# Quest to get sub 15 with cfop



## Seth1448 (Dec 20, 2020)

So right now i sometimes average below 20. I am trying really hard to break the barrier and never get a non sub-20 average again. My main focus is to have more efficient f2l.,And I am practicing to stop bad habits and reduce pauses and rotations during f2l. I am really bad at finding pairs so i am focusing on finding both pieces to pair, instead of finding one piece and looking for the other one. Another thing i am trying to get better at is cross, because my cross does'nt always take less than 8 moves and sometimes i rotate during cross. I usally find all of my cross pieces during inspection, but my solution is'nt very effecient. I am having trouble finding good cross solutions and i need help with that. My last layer is decent, and i am learning full oll, but sometimes i have bad pll recognition and auf. I need help!


----------



## BenChristman1 (Dec 20, 2020)

2 things that helped me with my cross were, first, creating a new CStimer 3x3 session, but instead of putting in a time, put in the number of moves that it took you to solve your cross. This will give you an idea of how much you need to improve. After doing that about 100 times, then take unlimited inspection to find a good cross solution. If you’re not already, becoming at least dual color neutral (if not full CN), will help this even more. The second thing that helped, and continues to help me improve my cross is just doing cross solves. Only time your cross, then try to make it even faster and more efficient.

For F2L, you should try watching example solves (including the ones here on the forums) to find more efficient solutions for certain tricky cases. Then, you should try to implement these algs in your solves as often as you can. As you said, reducing pauses is one thing that I think holds a lot of people back, including myself.
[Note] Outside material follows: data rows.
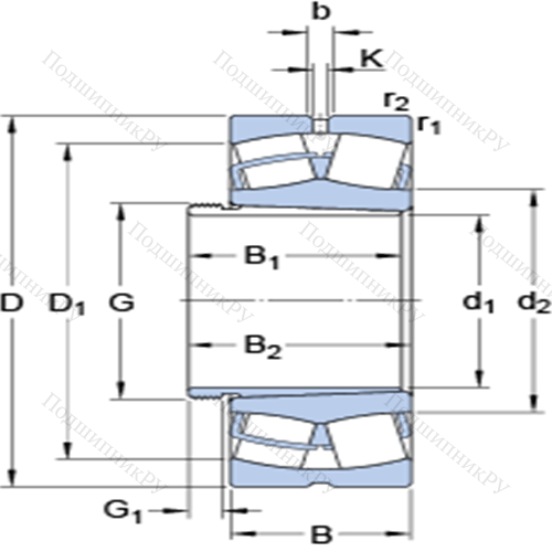 Сферические роликоподшипники на стяжной втулке 22214 EK + AH 314 G у которого конструкционной особенностью являются ролики в форме конуса и разъемный корпус. Изделие также может быть укомплектовано наружным кольцом с упорным бортиком или большим углом, двухрядными или четырехрядными роликоподшипниками, утолщенной внешней шиной.
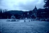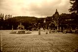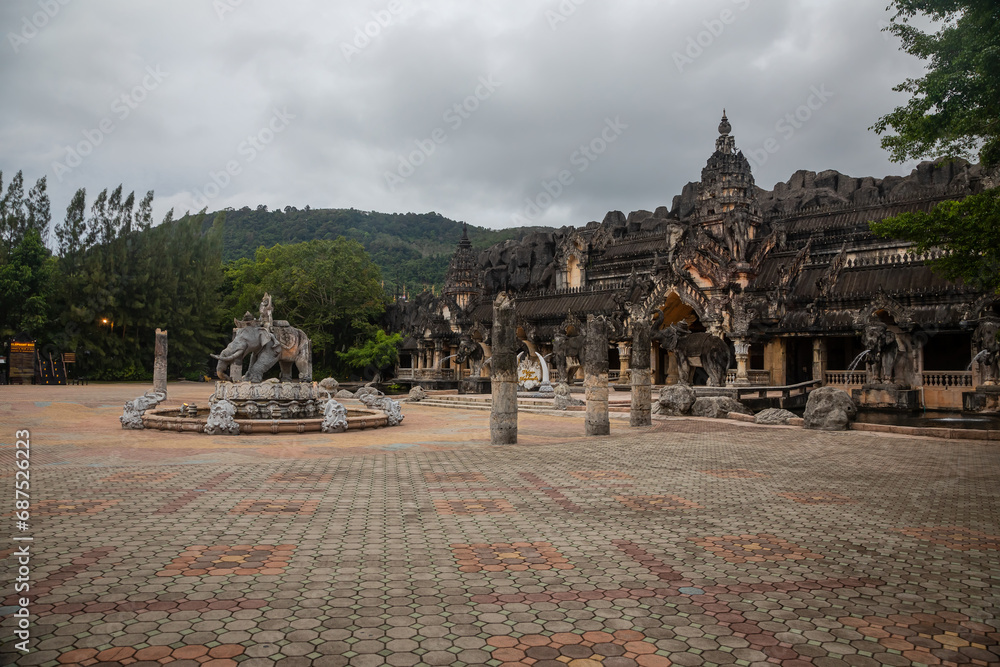Beautiful ancient Asian architecture. Stone elephants. It's a nasty day.
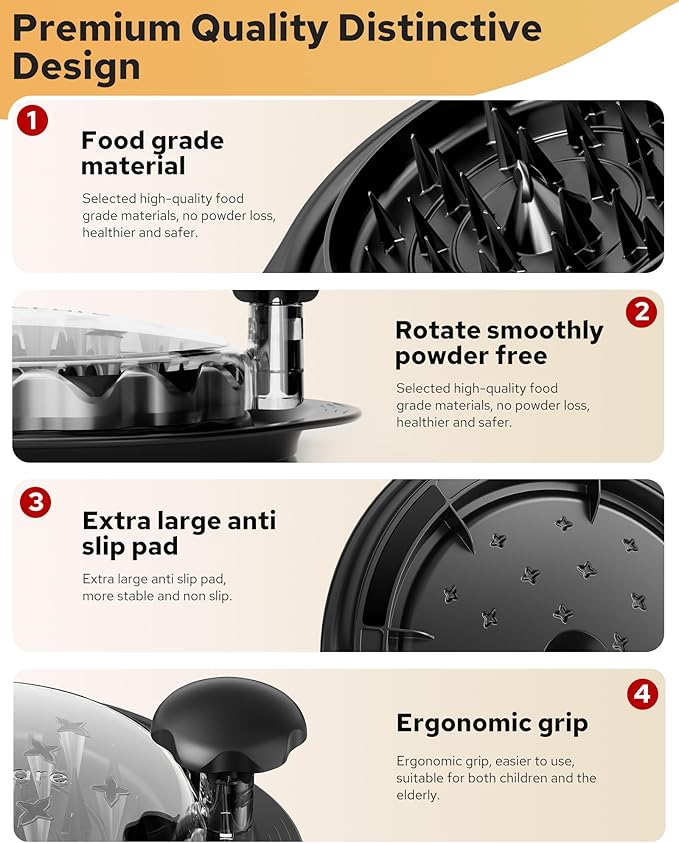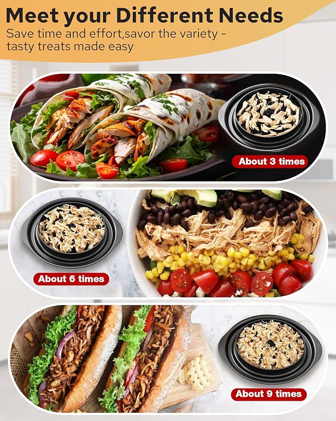- ✅【Save Time and Energy Super Non-Slip】Special double handle top cover and strengthen the non-slip tray design, at the same time, the handle is very ergonomic, the force is uniform and the operation is more labor-saving, the actual test can be 3 seconds to complete the processing of 1 kg of chicken, the efficiency of the ordinary shredder 3 times, goodbye to the bare hands tearing the meat of the effort and embarrassment, the real cooking must-have
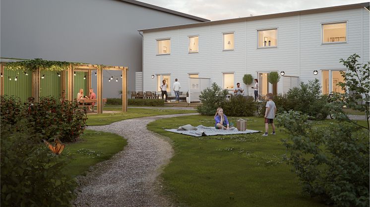 - Vi har arbetat fram den gemensamma innergården utefter visionen att ha en lummig och grönskande yta för de boende att träffas och umgås på. Här finns till exempel bärbuskar att njuta av på sommaren, samt en pergola och en grillplats för grannar att samlas vid. Vid de två entréerna finns grindar som skapar en tydlig inramning av kvarteret och trygghet för de boende, säger Helena Wilroth.
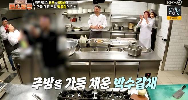 셔누의 활약으로 겉바속촉 만티가 완성됐다. 이어 이연복 셰프는 한국에서 직접 챙겨 온 떡볶이용 철판까지 꺼내 모두를 놀라게 했다. 그는 소 사골 육수를 이용해 양념을 만들었다. 그러나 이를 맛본 시넴 셰프는 "색다른 맛이다"라며 "별로 맵지 않다"라고 말해 이연복 셰프를 당황하게 했다. 이연복 셰프는 "더 맵게 해도 되나?"라며 신나게 고추장을 더 넣었고, 이번에는 시넴 셰프가 당황스러운 얼굴을 해 웃음을 자아냈다.
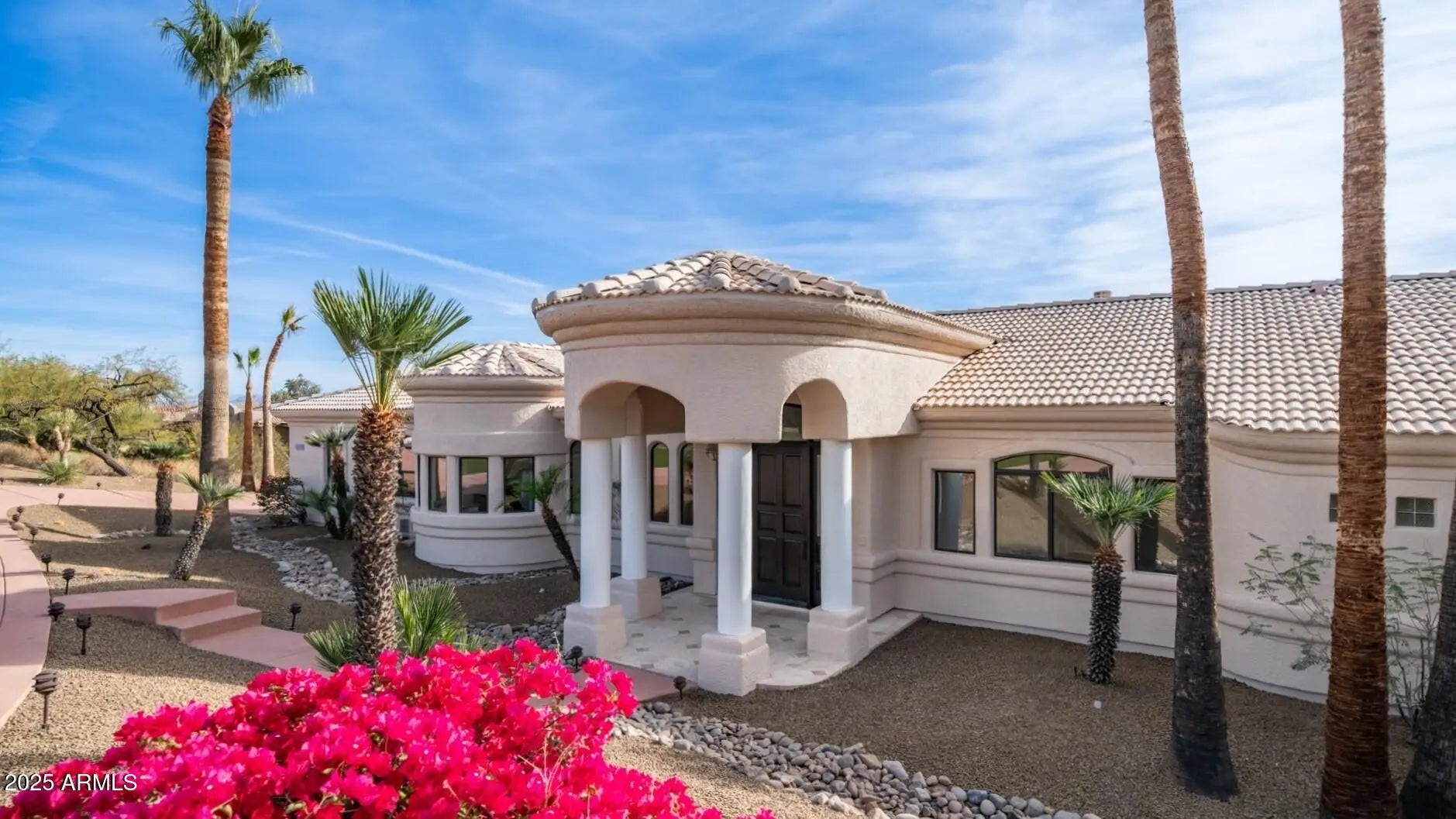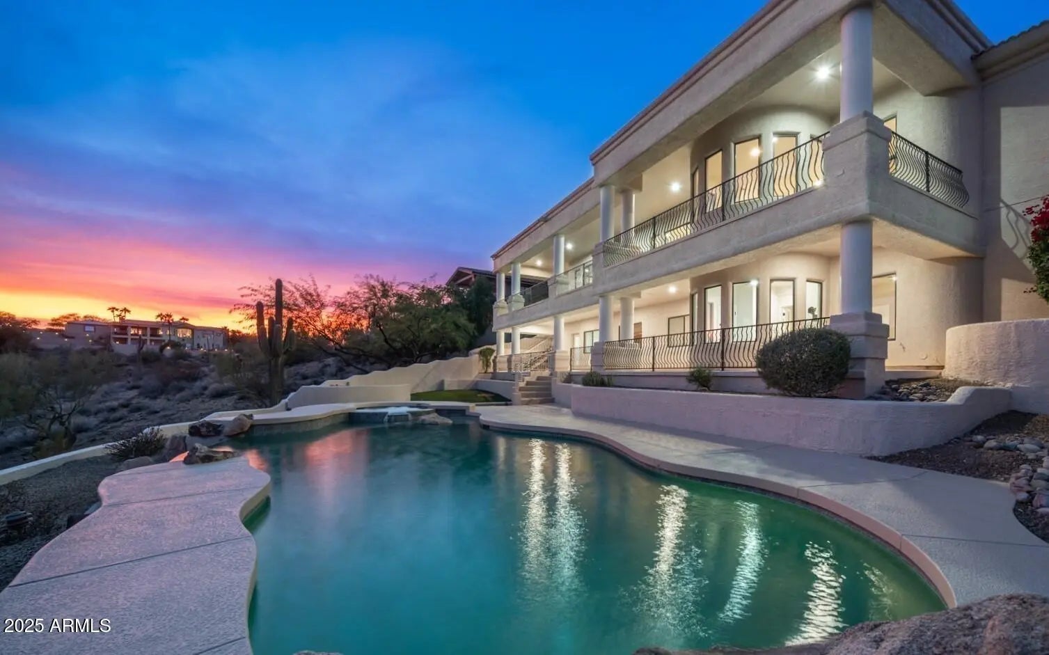 Nestled on an elevated, 1.27 ACRE HOMESITE overlooking the natural beauty of Sonoran Desert terrain, this timeless, architecturally inspiring home was designed to capture BREATHTAKING VIEWS! Spacious estate with approximately 7,000 square feet under roof, offering a flexible floor plan, expansive covered balcony, large covered patio, covered porch, and oversized garage. Luxury and quality throughout, including artistic wood/glass front door, beautiful gourmet kitchen, granite countertops, travertine, marble, warm woods, separate office, separate sitting room/den, guest suite, spectacular main suite, and more ($100,000+ in 2024 renovations). The resort-style rear yard completes this magical setting with an amazing pool, water feature, inviting spa, stunning sunsets, and SCENIC VIEWS!

Obviously, learning full OLL will help you get better, but make sure you learn good algs. (Make sure not to have any B moves, and RUF and RUMr are the best movesets, so make sure to have as many of your algs as possible use these moves. RUS can also be good if you fingertrick it the right way.) For your PLL recognition, doing solves should help you get faster. To get better at AUF-ing, you can setup the cube so that you have a PLL with no AUF at the end. You should then find a sticker (preferably on the front face) that is solved. From now on, before solving that PLL, you should look at said sticker, then figure out which way you will have to turn the top layer to solve that sticker. That is what your AUF will be.

Hope this helps! I was in your shoes about a year ago, and all of these tips from various different people/places helped me to get sub-17 today.


----------